‘China didn’t warn public of likely pandemic for six key days’
The China Project illustration by Derek Zheng
The Associated Press reports that “the head of China’s National Health Commission, Mǎ Xiǎowěi 马晓伟, laid out a grim assessment” of the COVID-19 epidemic on January 14 in a teleconference with provincial health officials, but that Beijing waited until January 20 to warn the public. The assertion is based on internal documents reviewed by the AP.
In those six days, Wuhan hosted a mass banquet for tens of thousands of people, and tens of millions of people began traveling through for Lunar New Year celebrations.
By January 20, when China first confirmed human-to-human transmission of the coronavirus, and comments by Xí Jìnpíng 习近平 about the virus first appeared in state media, “more than 3,000 people had been infected during almost a week of public silence, according to internal documents obtained by The Associated Press and expert estimates based on retrospective infection data.” The virus had also begun to spread internationally, with the U.S. reporting its first case of infection.
The delay “was neither the first mistake made by Chinese officials at all levels in confronting the outbreak, nor the longest lag, as governments around the world have dragged their feet for weeks and even months in addressing the virus.” But the outbreak may have been better contained during that critical early period.
However, some commentators say that “the Chinese government may have waited on warning the public to stave off hysteria, and that it did act quickly in private during that time.” But that view is not likely to persuade many. In a different report from Reuters, the former head of Britain’s MI6 foreign intelligence service said that “China concealed crucial information about the novel coronavirus outbreak from the rest of the world and so should answer for its deceit.”

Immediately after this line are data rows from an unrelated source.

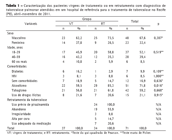 Na Tabela 1, apresentam-se as características dos pesquisados de forma comparativa entre os grupos, com os seguintes destaques: no grupo total, a maioria (67,6%) era do sexo masculino; um pouco mais da metade (52,1%) tinha de 18 a 39 anos; as comorbidades alcoolismo e tabagismo foram as mais frequentes (71,8% e 59,2%, respectivamente), com a ressalva de que um mesmo paciente poderia apresentar simultaneamente mais de uma comorbidade. No grupo RT, todos os pacientes relataram ter feito uso prévio do fármaco pirazinamida (100,0%); 55,9% admitiram ter abandonado o tratamento; 20,6% relataram ter utilizado o medicamento corretamente; 14,7% relataram alta por cura; e os 8,8% restantes do grupo admitiram ter feito uso irregular do medicamento. Para a margem de erro fixada, alcoolismo foi a única variável com diferença significativa entre os grupos RT e VT (85,3% vs. 59,5%; p = 0,016).
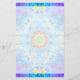 Um teste padrão azul, amarelo e alaranjado do caleidoscópio da mandala do estilo do hippy com estrelas.
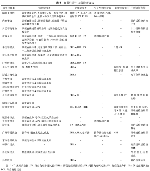 实验室检查包括特异性和非特异性两大类。病原学、免疫学和分子生物学等可检查与寄生虫相关的虫体、抗原(抗体)及核酸,对寄生虫感染的诊断具有重要意义,血液常规、生化、尿液及影像学检查,虽不具有特异性,但有辅助诊断价值,见表4。
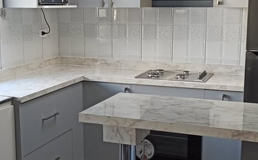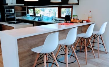 Con un toque personalizado, la cubierta de fabricación propia en MDF de 18 mm regruesado en bordes, revestida con fórmica Lamitech color código 3111 de la línea granito y mármoles, añade un encanto singular. El mesón, con una elegante pata de aluminio de 85 cm de altura, se une a la armonía cromática con su cubierta del mismo tono 3111.
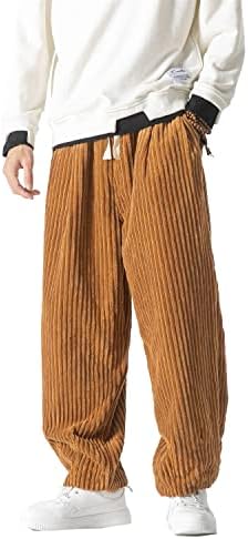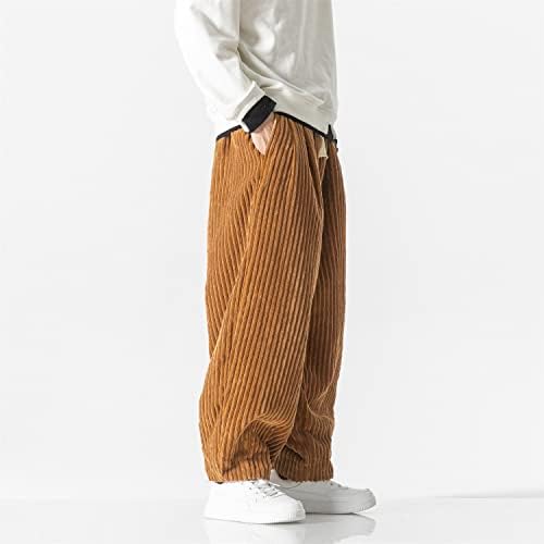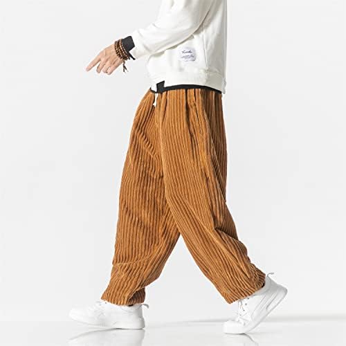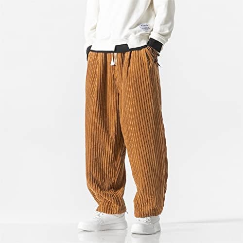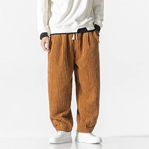 The pants have a drawstring closure and can be machine washed. They feature a straight fit, corduroy material, elastic waist and foot mouth, baggy Streetwear style, 2 slant patch pockets, and a drawstring waist. They come in a solid color and have a classic length.
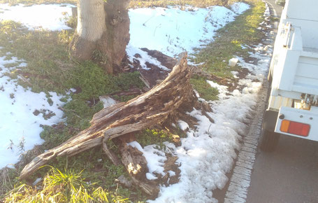 以前、強風のため幹の中ほどから折れたのですが、その残骸が再度の強風で倒れたものです。
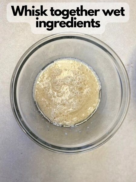 – In a separate bowl, whisk together the non-dairy milk, vegetable oil, and vanilla extract.

Related: a tacit admission that there was a cover-up? “China’s Centres for Disease Control and Prevention should play a stronger role in raising the alarm over disease outbreaks, China’s leading epidemiologist [and loyal Party member] Zhōng Nánshān 钟南山” told the People’s Daily, according to the South China Morning Post:
“The CDC should be granted certain powers, rather than merely being a technical unit to collect and report data…In finding problems, discovering origins of viruses, assessing the severity of contagion, it should have the authority to interpret.”
In a separate development, U.S. Embassy officials visited the now famous Wuhan Institute of Virology several times in January 2018, “and sent two official warnings back to Washington about inadequate safety at the lab, which was conducting risky studies on coronaviruses from bats,” the Washington Post reports. This has “fueled discussions inside the U.S. government” that the Wuhan lab was the source of the virus, “even though conclusive proof has yet to emerge.”